Emily St. John Mandel’s breakout novel Station Eleven is one of the most compelling and memorable books I’ve read in the past decade, so I was thrilled to hear it was being adapted for the screen. I wasn’t disappointed: HBO Max’s ten-episode miniseries is rich, haunting, and beautiful, with individual episodes that are particularly masterful, and it couldn’t be timelier.
Spoiler alert/trigger warning: Station Eleven is about a deadly pandemic. It says something about the skill and insight of Patrick Somerville (whose credits also include the inventive Netflix miniseries Maniac) that, without flinching at the subject matter’s darkness, he manages to imbue considerable hope and optimism into such a grim, topical scenario. The story begins in Chicago, as the quirky Jeevan (Himesh Patel) watches a production of King Lear starring famous movie star Arthur Leander (Gael García Bernal). When Arthur appears to be having a heart attack during the performance, Jeevan is the first to notice and rushes onstage to help. This moment of bravery introduces him to Kiki (the remarkable Matilda Lawler), a child actress in the play overlooked by her distracted handler after the show. Reluctantly, Jeevan agrees to escort her home, a dutiful decision that transforms his life. But when he receives advance notice of an impending flu’s deadliness, he brings Kiki with him to take refuge in the high-rise apartment of his shut-in brother Frank (Nabhaan Rizwan) to wait the crisis out. Alas, the crisis doesn’t end; the world does. It ties Jeevan’s fate indefinitely to an eight-year-old girl he barely knows, as they struggle to survive the aftermath of modern civilization’s catastrophic collapse.
Like the book, Station Eleven ricochets through perspectives and back and forth through time, and another major narrative track takes place twenty years after the apocalypse. Kiki, grown up and now going by Kirsten (Mackenzie Davis), is still an actress, this time with a traveling theater troupe that regularly circumnavigates Lake Michigan, putting on plays for fellow survivors. The Symphony, as it’s called, is composed of misfit performers committed to bringing art and meaning to the after-times. But there are new dangers in the post-pandemic world, including a peculiar cult led by Tyler (Daniel Zovatto) that sees the end of civilization as a kind of rebirth – and the remnants of the old world as a threat.
The plot specifics of the miniseries deviate significantly from the novel in a number of ways. Some of the changes are suspect – extending the weave of intertwined fates way too far into the realm of improbable coincidence, for example, and glossing over the logistics of extended survival in a post-pandemic landscape. But the changes are also deliberate and mindful. For one thing, they diversify the cast, and the many character changes allow Somerville to expand the story beyond its original scope, giving its multiple protagonists – and even its side characters – their own arcs and mini-arcs, side stories that contribute to the whole. The novel’s structural restlessness lends itself to an effective, nonlinear anthology-show feel. Somerville’s episodic approach to the adaptation allows him to explore the before times, the pandemic itself, and the aftermath, both individually and artfully bled together. These parts cohere into a swirling, impactful whole, all contributing to a common, winning theme.
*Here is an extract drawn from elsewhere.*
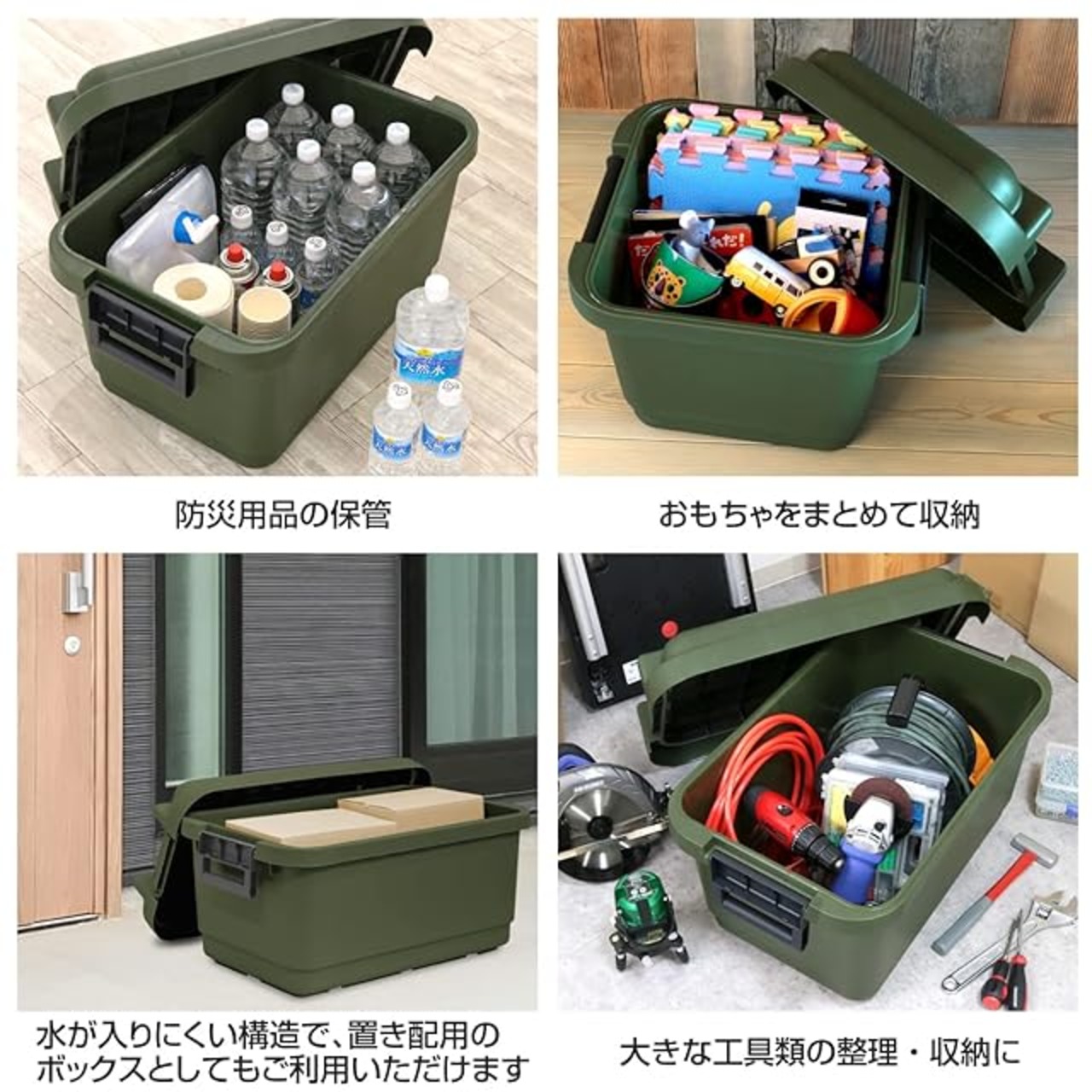商品名:JEJアステージ 収納ボックス 日本製 簡易密閉型 パッキン付き アウトドア キャンプ スツール 耐荷重100kg 積み重ね [グランポット 33L GPD-440G] グリーン 防災 幅44×奥行40×高さ38cm

And that theme? The immeasurable power of art in dark times. This theme invades every last corner of the show, but the key is Station Eleven itself, a graphic novel that is the passion project of Miranda Carroll (Danielle Deadwyler), whose flashback “origin story” in episode three was a soaring highlight. Miranda is an introverted soul committed to finishing a project she has almost no intention of marketing or even sharing; it’s just something she has to do. In the end, only five copies of the book are printed, two of which eventually find their way into the hands of Kirsten and Tyler. Immersion in Miranda’s book provides emotional armor and internal escape for both of them as the world inexorably, terrifyingly mutates. Story gives them hope, escape, and purpose. This notion hit me where I live, and I suspect it will have a similar effect on the many writers, actors, musicians, or other artists in the world struggling to find meaning in their passions at a time when it feels like the world is collapsing. Story is important: it’s powerful and sustaining and a way of making sense of things. That has always felt true to me, and Station Eleven brilliantly crystallizes that sentiment: a story about a deadly pandemic, released during a deadly pandemic, featuring characters struggling to make sense of their inner drives, even as the show’s viewers face the same reckoning. Sometimes the world seems to be trying to make storytelling irrelevant, but that only makes it more important. It’s all very dark, of course, but there’s beauty and resilience in that darkness. And while the sentiment may be unrealistically rosy, sometimes a hopeful message is what we need to keep fighting.